Ethical and legal considerations must be observed eery time a patient interacts with medical practitioners. In the responses provided, it is indisputable that the need to uphold client privacy is essential. Much as information can be shared, ones' privacy must be upheld at all times. The responses in this study also show that smoking is a serious medical problem close to suicide and efforts must focus on takling the menace.
Ethical and Legal Perspectives in Health Care
Reaction
Data processing is part of the procurement of healthcare. Patients have data that they share with medical staff, and the healthcare professionals share information with patients, as well. A myriad of healthcare institutions share and generate data on the patients and medical employees with the end goal to administer the provision of healthcare (McWay & McWay, 2010).
Data should stream for the whole framework to function. The organization and its individuals must provide data. Compulsion to share data comes to be morally testing, and this is the reason the relationship between the patient and the doctor has long been controlled on the foundation of trust. The innovative principle of privacy is benchmarked explicitly on protection. Healthcare professionals shall protect the privacy of patients for their problems are not to be made public. The concern is that if there are no guarantees of privacy, then the patient will not reveal data, and more awful, may forego treatment. There is confirmation that people may not even look for testing if their confidentiality is not assured (McWay & McWay, 2010). The rule enshrined in the healthcare practice extends to international communities, statements, and policies. In many countries, the regulatory, normative, and legal frameworks interact to give a setting where medical data is protected.
Reaction 2
Each citizen is entitled to a set of fundamental rights deeply rooted in law and tradition. . In no region is the right to privacy more treasured, or more unsettled, than in securing the privacy of identifiable individual health data. On the other hand, legislators, judges, and healthcare experts battle to amend individual privacy against emerging societal interests. Personal health data is maintained by doctors as well as in the records or databases of health facilities providing diagnostic services, treatment, laboratory tests, insurance companies, pharmacies and managed care institutions. Claims are submitted to these organizations, to which coverage is made (Hendrick, 2010). Likewise, personal health information is regularly shared to colleges and pharmaceutical organizations for medical and health-administrations research purposes. Medical data, by law, must be report medical data carries various individual and societal profits. The capacity to access medical records has safeguarded the lives of unconscious patients carried into hospital emergency rooms.
Part B
Reaction 1
I conquer with the court's ruling about this case. Smoking is closely connected to crime as to suicide and alcoholism. This implies that approximately ninety percent of inmates commit crimes related to smoking. Therefore, it sets a negative example for it to be happening in any government organization, significantly less, a jail (Ducat, 2009). Smoking facilitates illegal drug trafficking: an alternate element in crime. Healthcare facilities, including hospitals should not permit smoking; likewise, prisons are not to permit it.

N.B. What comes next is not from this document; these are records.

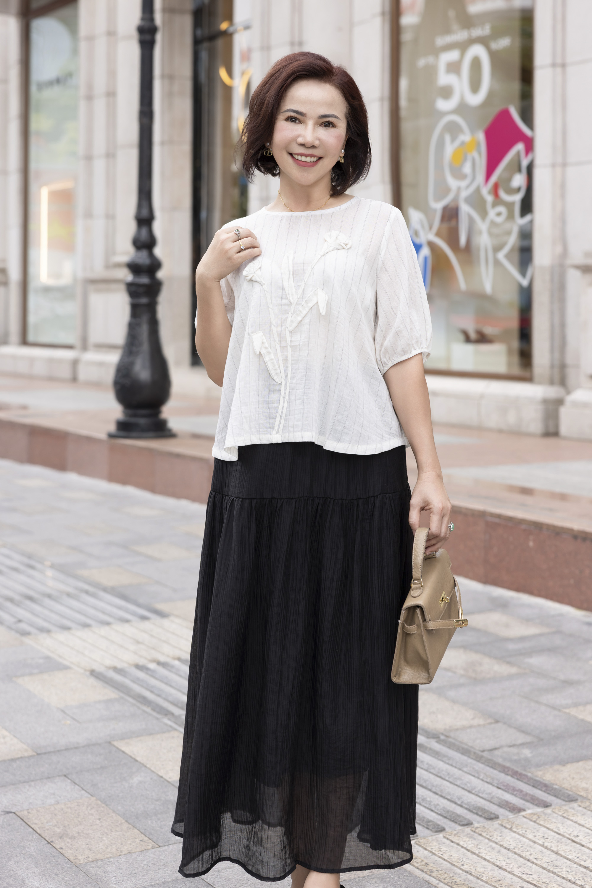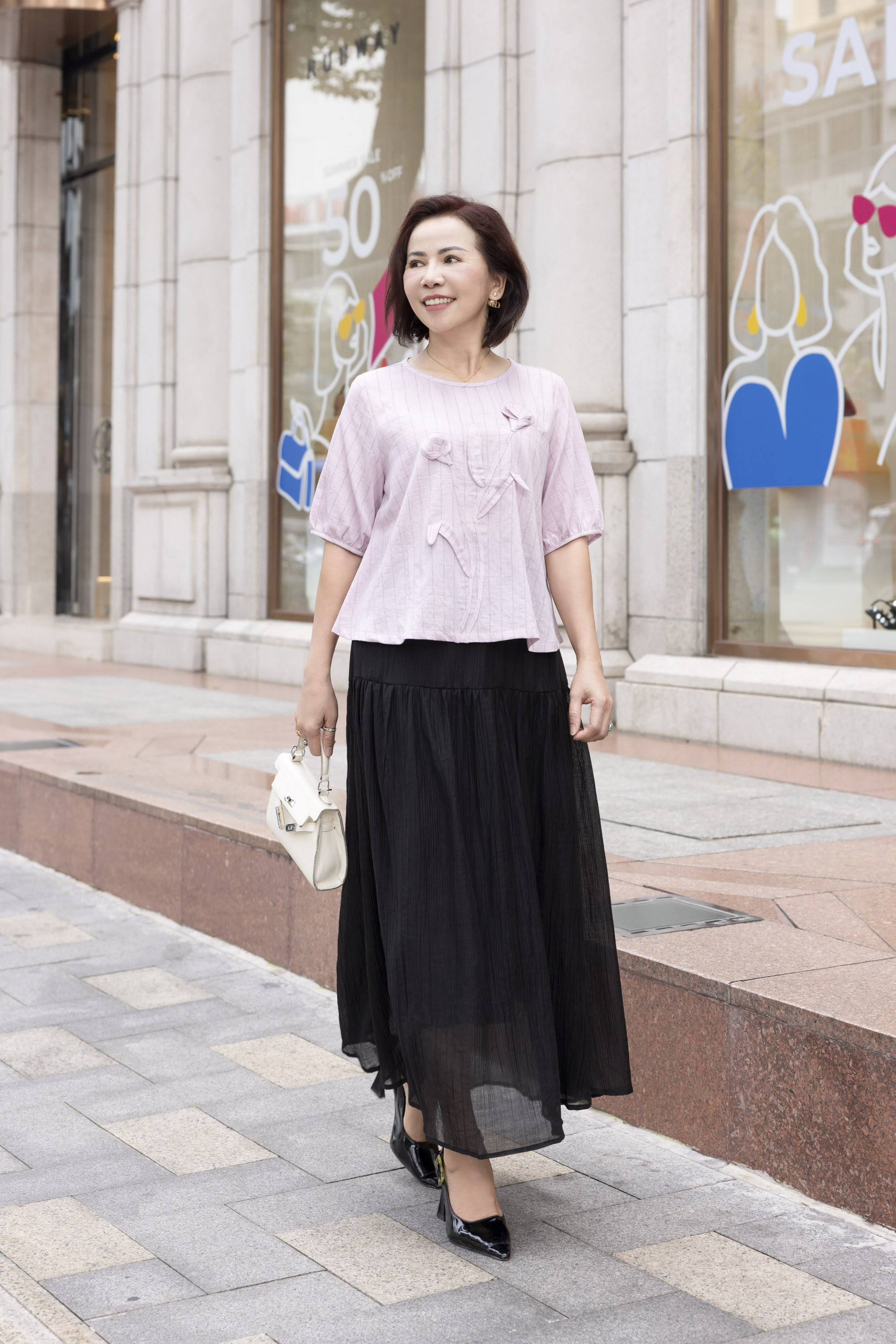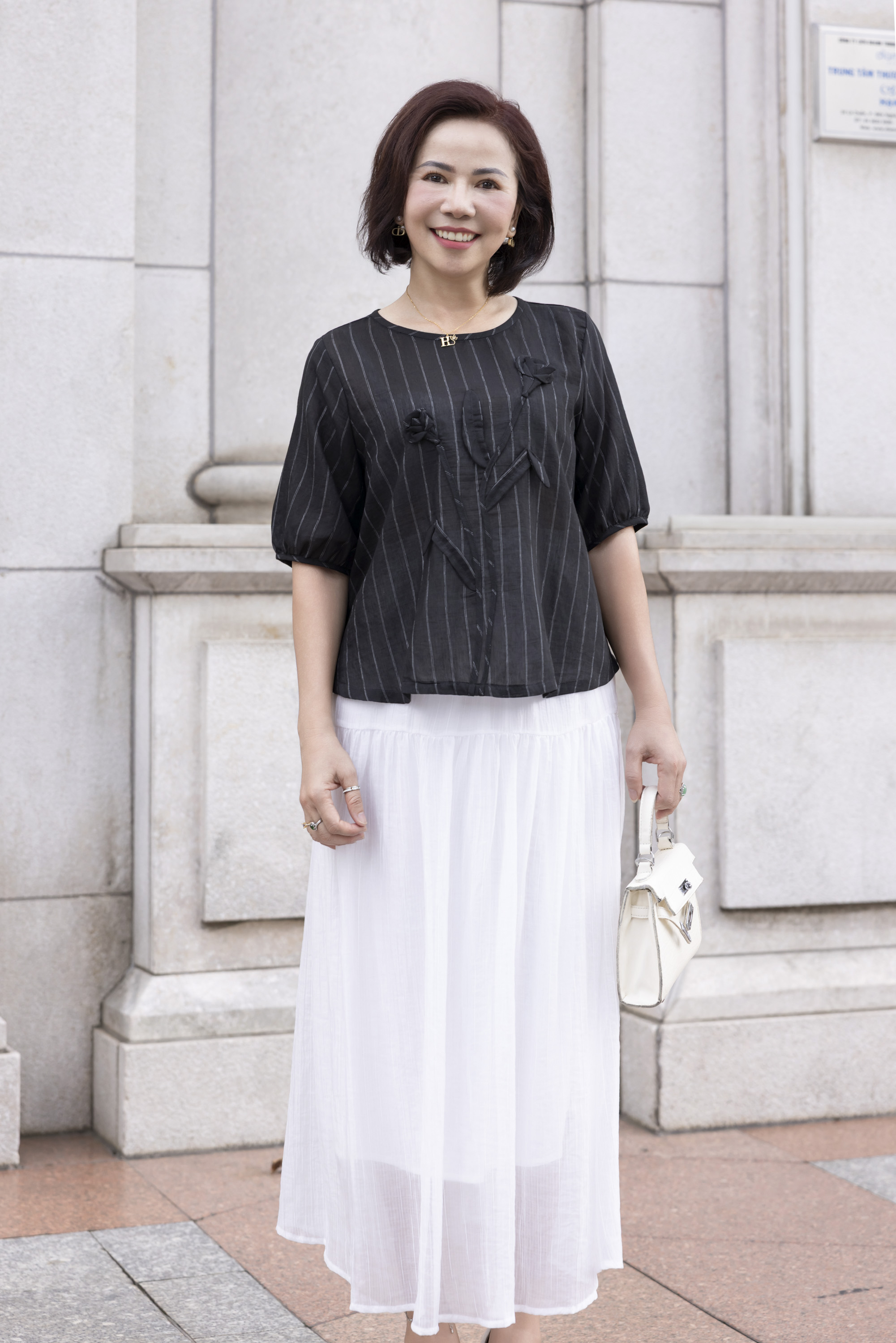 M COLLECTION | Áo Kiểu Nữ Trung Niên Tặng Mẹ Phom Suông Cổ Tròn Chất Vải Linen Thêu Họa Tiết A10943LW01
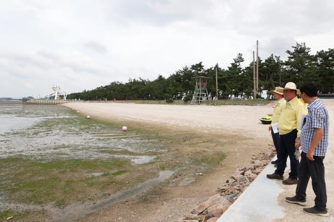 29일 무안군에 따르면 김산 군수는 낙지공원 해수욕장의 화장실, 샤워장 등 편의시설을 손수 점검하고, 백사장에 떨어진 쓰레기 등을 정리하며 해안가 청결상태 유지와 관광객 맞이를 당부했다.
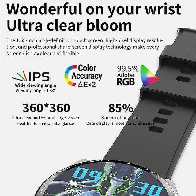 Advanced Health Monitoring: Track ECG with user calibration, heart rate, blood oxygen, sleep quality, stress levels, and continuous non-invasive blood sugar monitoring.
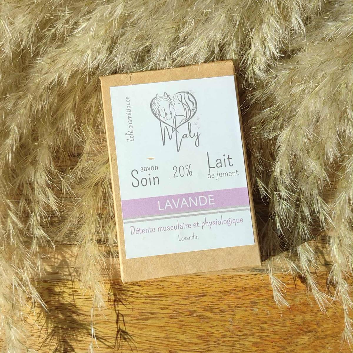 Composition : huile d'olive, beurre de coco, beurre de cacao, lait de jument, huile de ricin, soude caustique, huile essentielle de lavande

Additionally, according to the case law and common law against unlawful deaths, smoking is unlawful. Prison authorities may also set examples by being unsupportive or not aiding illegal actions. In collaboration with the courts, they must avoid believing that smoking bans incorporate individuals being adversely affected. Failure means their lives are in danger from poisons and toxic chemicals (World Health Organization, 2007).

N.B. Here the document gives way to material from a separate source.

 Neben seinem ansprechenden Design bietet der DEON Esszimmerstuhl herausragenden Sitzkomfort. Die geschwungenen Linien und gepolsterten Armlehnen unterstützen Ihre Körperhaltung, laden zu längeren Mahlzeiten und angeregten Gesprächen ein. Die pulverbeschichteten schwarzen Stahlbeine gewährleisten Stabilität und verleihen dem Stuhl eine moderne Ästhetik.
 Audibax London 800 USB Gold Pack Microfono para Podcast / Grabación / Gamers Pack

Failure to ban smoking would translate to wastage of taxpayers' money. Bans save cash. It is costly to encourage smoking in prisons. Smoke-harmed detainees and staff require costly medical care, for different tobacco impacts. Citizens pay, both by expanded duties, and by expanded insurance rates. The prison authorities must raise the issue with government officials and ask them how much smoking costs citizens. When inmates smoke in jail, more bills, hospital expenses, come to citizens: for the smokers' conditions, and for those of the nonsmokers around, being unconstitutionally pushed to inhale contaminated air (Ducat, 2009).
Reaction 2
Approximately 50% of smokers die from tobacco related ailments (World Health Organization, 2007). Available evidence confirms that prisoners die from cancers related to smoking at higher rates than the public. Further, second hand smoking is also threatening lives of non-smokers within the system of prisons. They include workers, visitors, prison officers and other inmates. The ban on smoking in prison will dramatically reduce the diseases caused by secondary smoking. Diseases caused by mainstream smoking are similar to those caused by passive smoking. Therefore, the court is just in preventing inmates from smoking via a ban. This is expected to improve the health of inmates while reducing long-term costs of treating illness related to smoking.
Smoking must be prohibited in any building directly leased or owned by the government, including healthcare institutions. Smoking will only be allowed in secluded areas such as visiting rooms and waiting rooms. A private room may be designated as smoking assuming that all persons assigned to such room have asked for a room where smoking is allowed. The restriction applies to intermediate care facilities and nursing facilities (Ducat, 2009).
Part C
The Bill of Rights marks the beginning fro diverse healthcare organizations working together to develop a common set of principles that declare the rights to healthcare for all citizens. The article covers the individual right to managed care, choice of health professional, confidentiality, a role to determine treatment and accountability planning. This article puts forth principles governing all managed care organizations and consumer groups (Hendrick, 2010).